Actualmente en España los inmigrantes constituyen un punto fundamental de la realidad de pobreza. El boom migratorio que ha sorprendido a Europa, a España concretamente, es de tal magnitud que requiere de respuestas concretas, no importa que sean pequeñas o imperceptibles, mucho menos si no resuelven todo el problema que aqueja a los inmigrantes. A este respecto vale recordar una experiencia interesante de las Hijas de la Caridad en las 600 de Albacete, donde tienen 3 pisos en los que acogen a los inmigrantes por un año, hasta que se insertan en la vida social con un trabajo y demás necesidades.
La pregunta, fuerte por cierto, que despertó gran interés entre los misioneros presentes fue, ¿qué hacemos los Paúles? Evangelizamos, pero nuestras manos ¿dónde están? Nuestras manos no son sólo para consagrar, ¿no están también para repartir el pan?
Al calor de esta sacudida de conciencia vicentina llegamos a la comprensión de que nos falla la evangelización porque nos limitamos, como portadores de un carisma dinámico y transformador, al anuncio y no aterrizamos en obras concretas.
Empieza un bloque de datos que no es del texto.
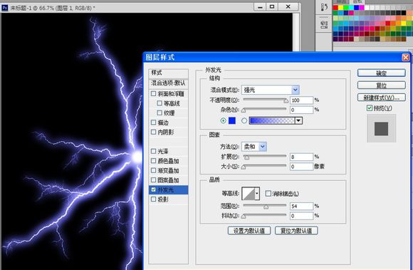勾选外发光 混合模式改为强光 不透明度100% 其他自己可以试着调节。

Ser pobre no es un delito, es una desgracia. No se resuelve su situación encerrándolos, despatriándolos o marginándolos más. Sabemos que no saldrán de su situación si no es por su voluntad. La institución puede distorsionar la visión de Jesús y de San Vicente, pero hay que estar atentos por si la institución, en efecto, es buena y si soluciona en verdad los problemas de los pobres.
Parece ser cierto que a los pobres les podemos ofrecer cambios, pero ¿qué hacer si lo primero es saciar su hambre, su falta de vivienda, darles orientación y acompañamiento? Debemos aspirar a los máximo y dar gratuitamente, pero involucrarlos en su transformación.
En la iniciativa de emprender nuevos proyectos tenemos que estar preparados para aceptar la crítica, pero jamás podemos renunciar al contacto con los pobres y de contar con ellos.